Offen ist auch, wann die von Lawrow versprochene Antwort auf den jüngsten Brief der Nato in Brüssel eingeht. Das Bündnis hatte darin auf Russlands Forderungen nach Sicherheitsgarantien reagiert. Sie soll zehn Seiten umfassen; dies wäre doppelt so lang wie das Schreiben der Nato, das am 26. Januar übermittelt wurde. An der Bereitschaft, über Fragen wie Rüstungskontrolle oder Transparenz bei militärischen Übungen zu sprechen, hat sich laut Stoltenberg ebenso wenig geändert wie an der Weigerung, Moskau ein Veto über die Aufnahme neuer Mitglieder zu geben. In Brüssel ist ein gewisser Stolz zu spüren, dass Lawrow auf die Briefe, die er im Januar an jedes Mitglied von EU und Nato mit Bitte um eine individuelle Antwort geschickt hat, genau zwei Schreiben erhalten hat - nämlich vom EU-Außenbeauftragten Josep Borrell sowie von Nato-Generalsekretär Stoltenberg. Dieser Versuch, einen Keil zwischen die Europäer zu treiben, sei gescheitert.

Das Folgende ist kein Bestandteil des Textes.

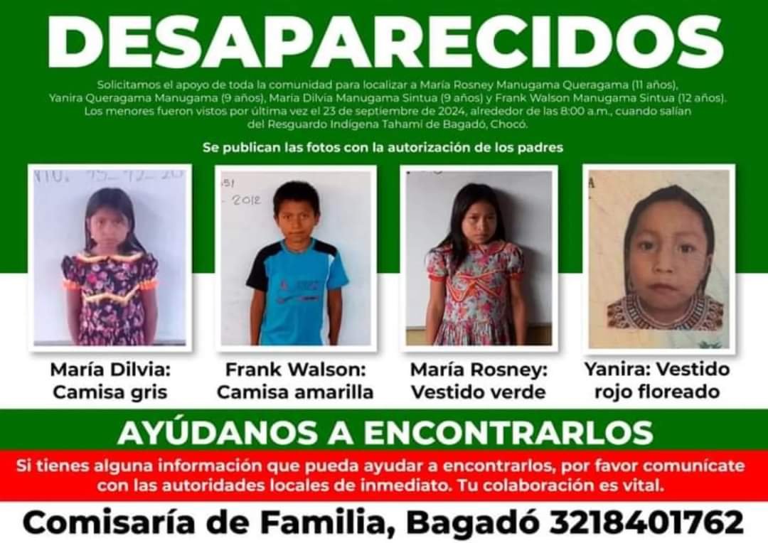 La alcaldía de Bagadó ha solicitado la colaboración de la comunidad para localizar a los menores: María Rosney Manugama Queragama (11 años), Yanira Queragama Manugama (9 años), María Dilvia Manugama Sintua (9 años) y Frank Walson Manugama Sintua (12 años). Según el gobierno local, fueron vistos por última vez el 23 de septiembre de 2024, a las 8:00 a.m., al salir del Resguardo Indígena Tahamí en Chocó.

Die von Russland verursachte Krise verdrängt aber nicht allen internen Streit: Bei ihrer Premiere muss Verteidigungsministerin Christine Lambrecht (SPD) über Lastenteilung im Bündnis diskutieren, sprich über die Höhe der Verteidigungsausgaben. Nato-Ziel ist, dass jedes Mitglied zwei Prozent seiner Wirtschaftsleistung ins Militär steckt. Deutschland bleibt davon weit entfernt. Stoltenberg verkündet am Dienstag, dass Europäer und Kanadier zwar seit 2014 ihre Ausgaben um 270 Milliarden Euro erhöht hätten, doch dies reiche nicht aus: Die Nato-Mitglieder müssten mehr "in unsere gemeinsame Sicherheit" investieren.